Professional breadcrumbing can take on many different forms, but the key is that it’s over a sustained period of time.

For example, it’s the boss who often drops hints about how good your work is and that they want to reward you for it - with a promotion or pay rise - but never actually follows through.

Or it’s the colleagues who start praising you just before they need your help with a piece of work, and then drop you until the next time you can be of use to them, at which point they’ll start talking to you again.

Breadcrumbing can even begin before you’ve started in a job. It’s the promises from a prospective employer about the great things you’ll get to do in a role, promises which continue after you’ve accepted the role but never quite become real.

If you're the victim of breadcrumbing at work, there are things you can do.
If you’re the victim of breadcrumbing at work, there are things you can do. 

What do I do if I’m the victim of breadcrumbing at work?

The first thing to do is identify the breadcrumbing and who the perpetrator is.

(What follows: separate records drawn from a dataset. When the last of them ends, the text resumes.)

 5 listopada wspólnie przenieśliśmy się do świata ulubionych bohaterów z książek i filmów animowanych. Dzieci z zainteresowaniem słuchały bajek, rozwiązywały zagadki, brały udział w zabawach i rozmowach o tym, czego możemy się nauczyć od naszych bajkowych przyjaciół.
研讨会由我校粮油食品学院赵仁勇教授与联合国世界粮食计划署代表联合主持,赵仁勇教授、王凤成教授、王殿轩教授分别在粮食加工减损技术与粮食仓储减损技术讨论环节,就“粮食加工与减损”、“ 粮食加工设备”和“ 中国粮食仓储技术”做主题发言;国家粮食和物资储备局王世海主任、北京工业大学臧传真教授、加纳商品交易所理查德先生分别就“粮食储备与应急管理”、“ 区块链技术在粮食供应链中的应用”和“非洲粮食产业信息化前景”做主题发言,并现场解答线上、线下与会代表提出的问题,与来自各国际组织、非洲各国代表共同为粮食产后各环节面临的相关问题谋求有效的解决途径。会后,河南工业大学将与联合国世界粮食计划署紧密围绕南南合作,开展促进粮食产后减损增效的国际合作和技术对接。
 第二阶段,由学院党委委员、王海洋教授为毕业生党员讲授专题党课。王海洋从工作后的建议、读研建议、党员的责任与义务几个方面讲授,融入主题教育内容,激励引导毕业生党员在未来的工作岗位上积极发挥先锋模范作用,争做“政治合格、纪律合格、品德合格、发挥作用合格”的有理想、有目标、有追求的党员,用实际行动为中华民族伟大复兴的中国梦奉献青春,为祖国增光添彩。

If it’s your boss, this can be tricky to deal with, but there are ways around it. If they’ve been dropping crumbs about a pay rise or promotion, pin them down on this. Get a time and date from your manager for an official meeting, and in your request be clear that you want to talk about career progression. Then, make sure that you’re thoroughly prepared - take in evidence of what you’ve achieved, the positive effects this has had on the company, and resist the urge to waffle when you’re in the meeting. Alice Olin and Phanella Mayall Fine of the Step Up Club also advise in their five-point plan for getting a pay rise that you build both your confidence and your personal brand.

If it’s colleagues who throw out breadcrumbs so that you can help them, be clear in your own mind about what you will and won’t do for them, and stick to this. Make sure you and they know exactly what is part of your job, and when it’s appropriate for you to step in and assist. And when you do help, take the credit for it - don’t let them push you out.

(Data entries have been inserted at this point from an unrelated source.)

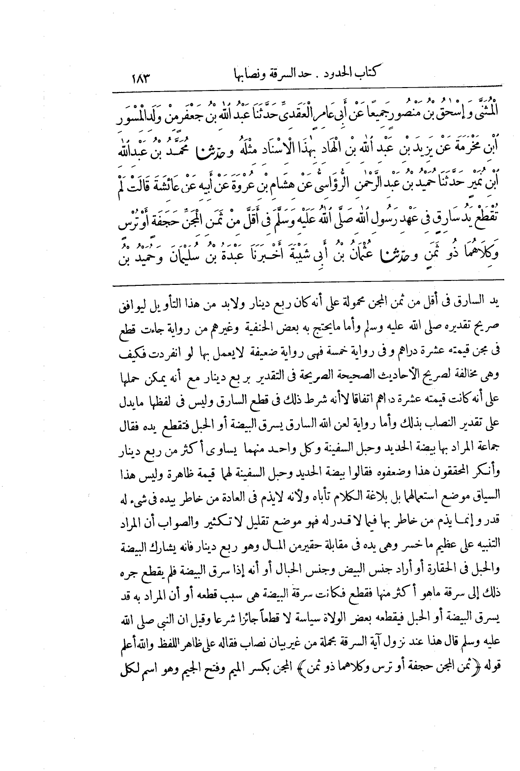 يَدَ السَّارِقِ فِي أَقَلَّ مِنْ ثَمَنِ الْمِجَنِّ مَحْمُولَةٌ عَلَى أَنَّهُ كَانَ رُبْعَ دِينَارٍ وَلَا بُدَّ مِنْ هَذَا التَّأْوِيلِ لِيُوَافِقَ صَرِيحَ تَقْدِيرِهِ صَلَّى اللَّهُ عَلَيْهِ وَسَلَّمَ وَأَمَّا مَا يَحْتَجُّ بِهِ بَعْضُ الْحَنَفِيَّةِ وَغَيْرُهُمْ مِنْ رِوَايَةٍ جَاءَتْ قَطَعَ فِي مِجَنٍّ قِيمَتُهُ عَشَرَةُ دَرَاهِمَ وَفِي رِوَايَةٍ خَمْسَةُ فَهِيَ رِوَايَةٌ ضَعِيفَةٌ لَا يُعْمَلُ بِهَا لَوِ انْفَرَدَتْ فَكَيْفَ وَهِيَ مُخَالِفَةٌ لِصَرِيحِ الْأَحَادِيثِ الصَّحِيحَةِ الصَّرِيحَةِ فِي التَّقْدِيرِ بِرُبْعِ دِينَارٍ مَعَ أَنَّهُ يُمْكِنُ حَمْلُهَا عَلَى أَنَّهُ كَانَتْ قِيمَتُهُ عَشَرَةَ دَرَاهِمَ اتِّفَاقًا لَا أَنَّهُ شَرَطَ ذَلِكَ فِي قَطْعِ السَّارِقِ وَلَيْسَ فِي لَفْظِهَا مَا يَدُلُّ عَلَى تَقْدِيرِ النِّصَابِ بِذَلِكَ وَأَمَّا رِوَايَةُ لَعَنَ اللَّهُ السَّارِقَ يَسْرِقُ الْبَيْضَةَ أَوِ الْحَبْلَ فَتُقْطَعُ يَدُهُ فَقَالَ جَمَاعَةٌ الْمُرَادُ بِهَا بَيْضَةُ الْحَدِيدِ وَحَبْلُ السَّفِينَةِ وَكُلُّ وَاحِدٍ مِنْهُمَا يُسَاوِي أَكْثَرَ مِنْ رُبْعِ دِينَارٍ وَأَنْكَرَ الْمُحَقِّقُونَ هَذَا وَضَعَّفُوهُ فَقَالُوا بَيْضَةُ الْحَدِيدِ وَحَبْلُ السَّفِينَةِ لَهُمَا قِيمَةٌ ظَاهِرَةٌ وَلَيْسَ هَذَا السِّيَاقُ مَوْضِعَ اسْتِعْمَالِهِمَا بَلْ بَلَاغَةُ الْكَلَامِ تَأْبَاهُ وَلِأَنَّهُ لَا يُذَمُّ فِي الْعَادَةِ مَنْ خَاطَرَ بِيَدِهِ فِي شَيْءٍ لَهُ قَدْرٌ وَإِنَّمَا يُذَمُّ مَنْ خَاطَرَ بِهَا فِيمَا لَا قَدْرَ لَهُ فَهُوَ مَوْضِعُ تَقْلِيلٍ لَا تَكْثِيرٍ وَالصَّوَابُ أَنَّ الْمُرَادَ التَّنْبِيهُ عَلَى عَظِيمِ مَا خَسِرَ وَهِيَ يَدُهُ فِي مُقَابَلَةِ حَقِيرٍ مِنَ الْمَالِ وَهُوَ رُبْعُ دِينَارٍ فَإِنَّهُ يُشَارِكُ الْبَيْضَةَ وَالْحَبْلَ فِي الْحَقَارَةِ أَوْ أَرَادَ جِنْسَ الْبَيْضِ وَجِنْسَ الْحِبَالِ أَوْ أَنَّهُ إِذَا سَرَقَ الْبَيْضَةَ فَلَمْ يُقْطَعْ جَرَّهُ ذَلِكَ إِلَى سَرِقَةِ مَا هُوَ أَكْثَرُ مِنْهَا فَقُطِعَ فَكَانَتْ سَرِقَةُ الْبَيْضَةِ هِيَ سَبَبُ قَطْعِهِ أَوْ أن المراد به قد يسرق البيضة أوالحبل فَيَقْطَعُهُ بَعْضُ الْوُلَاةِ سِيَاسَةً لَا قَطْعًا جَائِزًا شَرْعًا وَقِيلَ أَنَّ النَّبِيَّ صَلَّى اللَّهُ عَلَيْهِ وَسَلَّمَ قَالَ هَذَا عِنْدَ نُزُولِ آيَةِ السَّرِقَةِ مُجْمَلَةً مِنْ غَيْرِ بَيَانِ نِصَابٍ فَقَالَهُ عَلَى ظَاهِرِ اللَّفْظِ وَاللَّهُ أَعْلَمُ
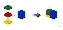 Детали Lego всех разновидностей составляют универсальную систему. Несмотря на изменения в дизайне и назначении отдельных предметов на протяжении многих лет, каждый предмет остается каким-то образом совместимым с существующими предметами. Кубики Lego 1958 года по-прежнему взаимосвязаны с теми, которые производятся в настоящее время, а наборы Lego для маленьких детей совместимы с наборами, созданными для подростков. Шесть кирпичей 2 × 4 шипа [14] можно комбинировать 915 103 765 способами. [15]
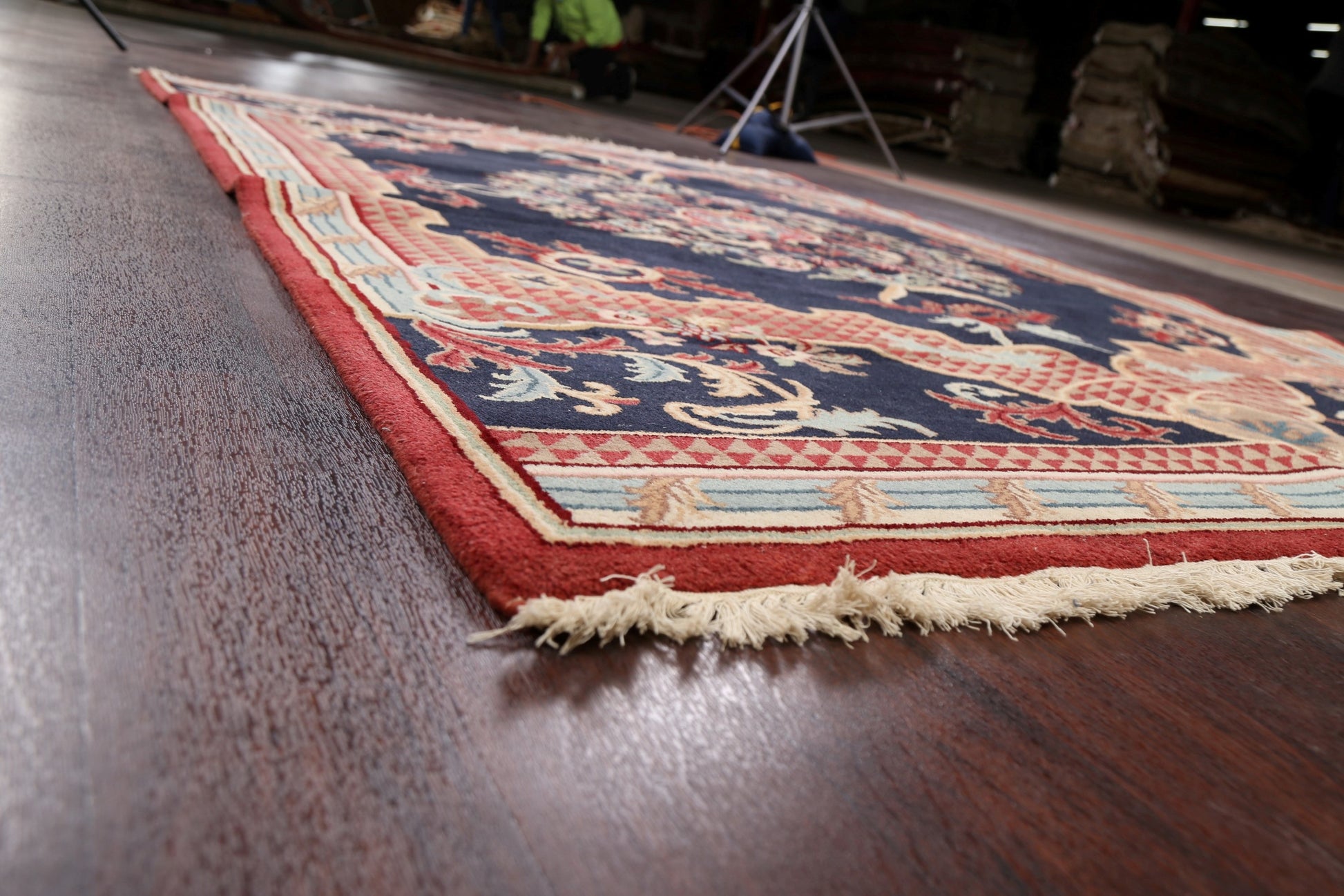 A Beautiful Genuine China Aubusson rug is Hand Knotted by skillful weavers in China with 100% Wool Material. This rug is in New, First Quality condition. dimensions are 9' 2'' X 6' 0'' in foot and 279 X 183 in centimeter. the primary color is Navy Blue & Blues.

Finally, assess what it is about these people that is keeping you hooked. Does their praise make you feel better at your job? If so, try to own your work. Keep a list of your achievements, treat yourself when you complete a big project or do something at work that scares you, and don’t be so self-deprecating. If you start to make yourself feel like you do when you get a bit of praise from a breadcrumber, soon you won’t be affected by them.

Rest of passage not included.